STORED DATA:
------------------------
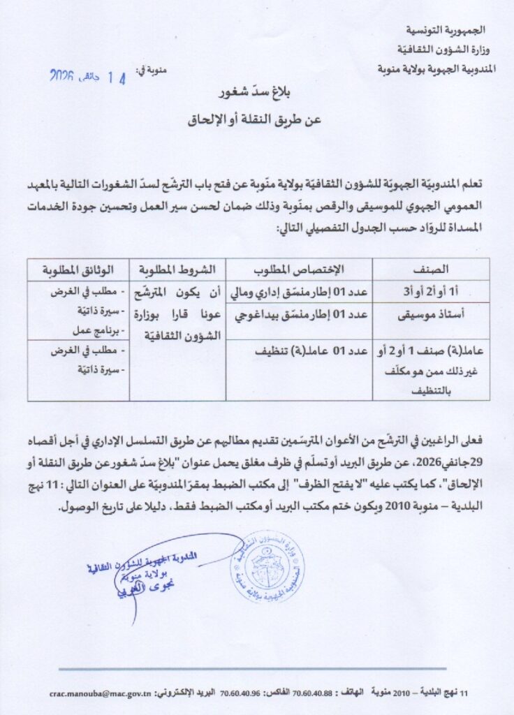 بلاغ سدّ شغور (عن طريق النقلة أو الإلحاق) لفائدة المعهد الجهوي للموسيقى والرقص بمنّوبة.
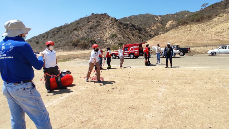 Manabí.- El Ministerio del Ambiente, Agua y Transición Ecológica, capacitó a 21 personas entre guardaparques del Refugio de Vida Silvestre Marino Costera Pacoche y El Parque Nacional Machalilla, Cuerpo de Bomberos de Manta, Policía Nacional, Fundación Contamos Contigo Ecuador y Salvavidas de San Lorenzo, en el primer taller de “Entrenamiento de megafauna enredada en el mar”, actividad desarrollada en el cantón Manta.
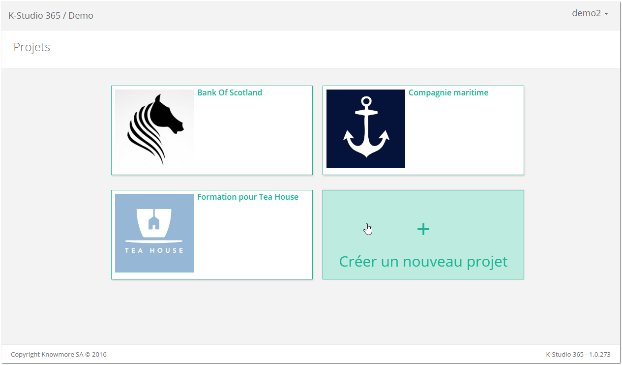 Sur l'écran Projets, cliquez sur la tuile Créer un nouveau projet en corps de page.
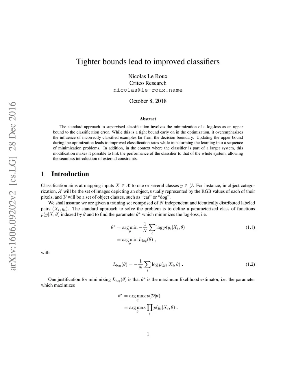 The standard approach to supervised classification involves the minimization of a log-loss as an upper bound to the classification error. While this is a tight bound early on in the optimization, it overemphasizes the influence of incorrectly classified examples far from the decision boundary. Updating the upper bound during the optimization leads to improved classification rates while transforming the learning into a sequence of minimization problems. In addition, in the context where the classifier is part of a larger system, this modification makes it possible to link the performance of the classifier to that of the whole system, allowing the seamless introduction of external constraints.
------------------------
WHAT YOU HAVE TO DO: For the data above, set down exactly the lines from the line with "Manabí.- El Ministerio" to the line with "Sur l'écran Projets, cliquez", both included, leaving pictures out.

EXERCISE ANSWER:
 Manabí.- El Ministerio del Ambiente, Agua y Transición Ecológica, capacitó a 21 personas entre guardaparques del Refugio de Vida Silvestre Marino Costera Pacoche y El Parque Nacional Machalilla, Cuerpo de Bomberos de Manta, Policía Nacional, Fundación Contamos Contigo Ecuador y Salvavidas de San Lorenzo, en el primer taller de “Entrenamiento de megafauna enredada en el mar”, actividad desarrollada en el cantón Manta.
 Sur l'écran Projets, cliquez sur la tuile Créer un nouveau projet en corps de page.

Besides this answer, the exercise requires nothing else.